Edwin, who had been hovering to listen to his tale, topped up his pot from a large jug. ‘Can’t win them all, cap’n,’ he observed sympathetically. ‘Maybe something will turn up one day to help you nail the swine who did it.’

John sat talking to Nesta for a long while, discussing the improvement in trade and income that was already apparent at the Bush.

‘Just knowing that you are involved seems to have brought old customers back, John,’ she said happily. ‘Everyone admired you before, but since you came back from the Crusade and especially as you were so close to the king, you are a hero to every man in Exeter!’

De Wolfe grunted to cover up his embarrassment, though coming from the lips of such a pretty, amiable woman, he secretly revelled in her praise. ‘There’s one man who doesn’t look on me with favour, and that’s my damned brother-in-law. This rumour that he might be made sheriff one day is enough to make me want to go back to Acre!’

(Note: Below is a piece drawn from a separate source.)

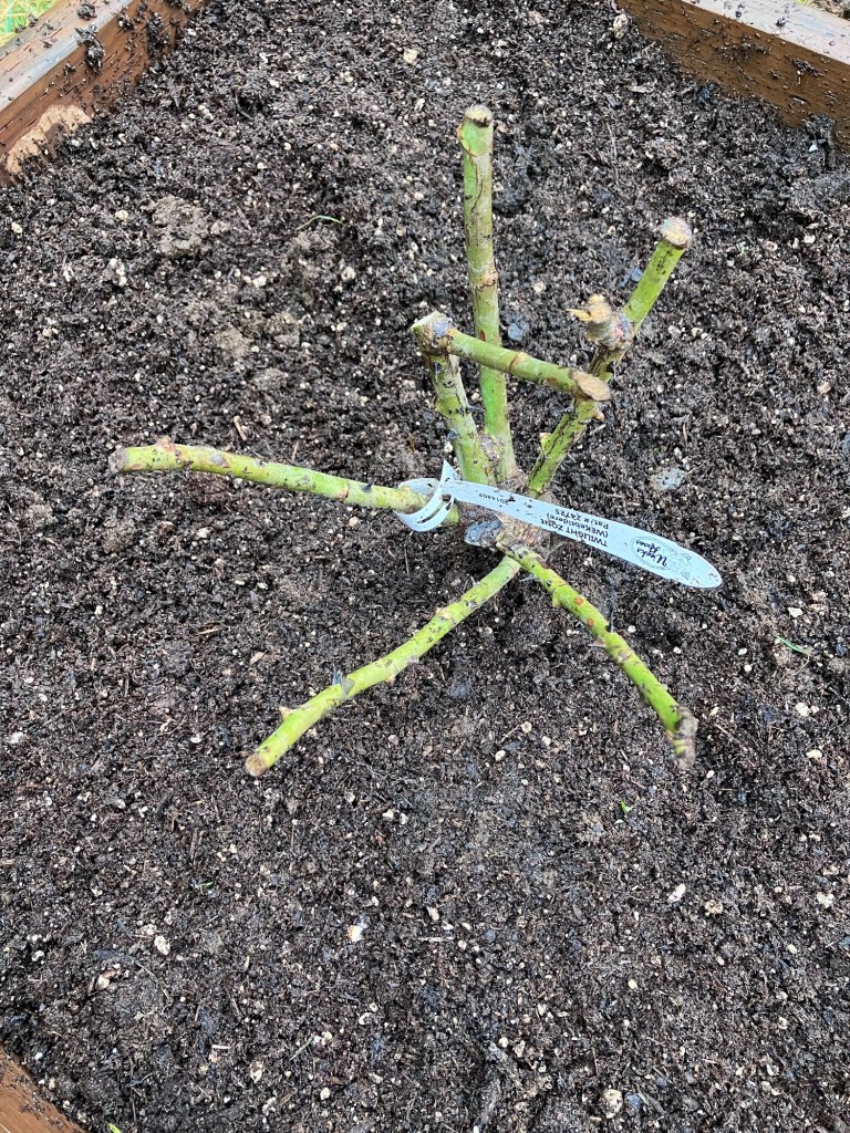 Once I got it planted, I added a few seeds for flowers on the bare soil. The rose is called “Twilight Zone.” And it’s a splurge, I know, BUT life without roses isn’t very fun at all and I can use the flowers in tea and crafts.

‘But he can’t be sheriff while Prince John holds the county in his grasp,’ she objected. ‘Surely when King Richard is released, he will kick out his wayward brother — then the Lionheart ought to make you sheriff!’

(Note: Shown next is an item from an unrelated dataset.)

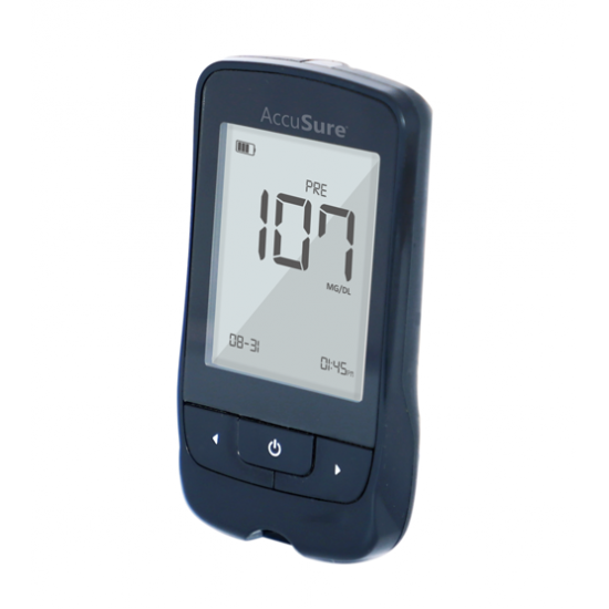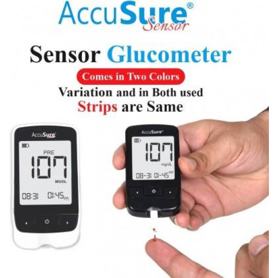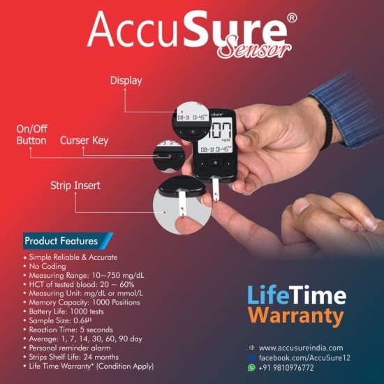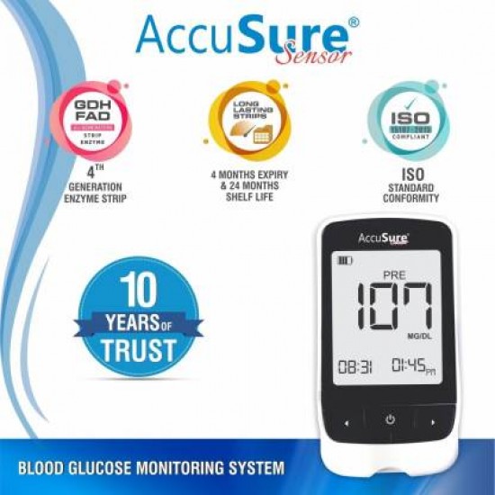 Product Description : AccuSure Sensor Blood Glucose Monitoring System With 50 Test Strips is based on GDH-FAD 4th generation enzyme strip technology to provide the most accurate results. This glucose monitor is mainly used to quantitatively measure glucose in whole blood. It requires tiny blood sample i.e. just 0.6uL blood to complete the glucose test and quick results are shown within 5 seconds. The system also fulfills ISO standard conformity as it is made in accordance with ISO 15197:2015.AccuSure Sensor Blood Glucose Monitor boasts Autocode capabilities, requiring completely no cryptography for attention professionals and patients. What this implies is fewer steps throughout the testing method and no risk of false readings due to errors associated with incorrect coding. It is easy to use whereas providing safe, accurate, reliable and rapid results every time. AccuSure renders results in just 7 seconds, signifying the most rapid testing procedure attainable. With testing this fast and simple, you’ll expect the least interference together with your daily routine and also the ability to induce back to doing the things you like to do! And AccuSure comes with a lifetime warranty for complete peace of mind.AccuSure Sensor Glucometer is ideal for people with diabetes for self-testing. Moreover, Healthcare professionals can use the system to check patient's blood glucose values in suspected cases of diabetes and in emergency diagnostics also.ACCUSURE SENSOR BLOOD GLUCOSE MONITORING SYSTEM - INDICATIONS FOR USE :The AccuSure Blood Glucose Monitoring System is intended for the quantitative measurement of glucose in whole blood. It is intended for use by people with diabetes mellitus at home as an aid in monitoring the effectiveness of diabetes control program. It is not intended for the diagnosis of or screening for diabetes mellitus, and is not intended for use on neonates. Venous blood testing is limited to healthcare professional use only.TEST PRINCIPLE :The measurement is based on amperometric technology. When the blood sample or control solution is drawn into the reaction zone, glucose in the sample reacts with glucose dehydrogenase and produces an electrical current. Your meter measures the electronic current and converts it into your blood glucose result. The results provided will be whole blood equivalent.Key Features:

John grinned at the thought of such an unlikely event. ‘Can you see me as a glorified tax-collector? Not that I’ll ever get the offer.’

He spent another night in the loft, conscious again of Nesta’s nearness in her little room until he fell asleep, oblivious to the snores of a fat merchant in the adjoining cubicle. Next morning was taken up with haggling with the lawyer over a price for a long lease on the house in St Martin’s Lane. John emphasized the poor condition and dragged the man down to the house to have all the faults pointed out. ‘It will cost me as much as I’m willing to give you, just to pay for the repairs and alterations!’ he claimed.

With an offer of twenty pounds, which was about seven years’ wages for a labourer, the lawyer promised to see if his old colleague would accept it and they parted amicably.

He called on Matilda to tell her what he had done and she seemed mildly interested, though immediately offering her own news that her niece’s ‘waters had broken’, which caused John to flee from the house, which seemed even more full of women than ever.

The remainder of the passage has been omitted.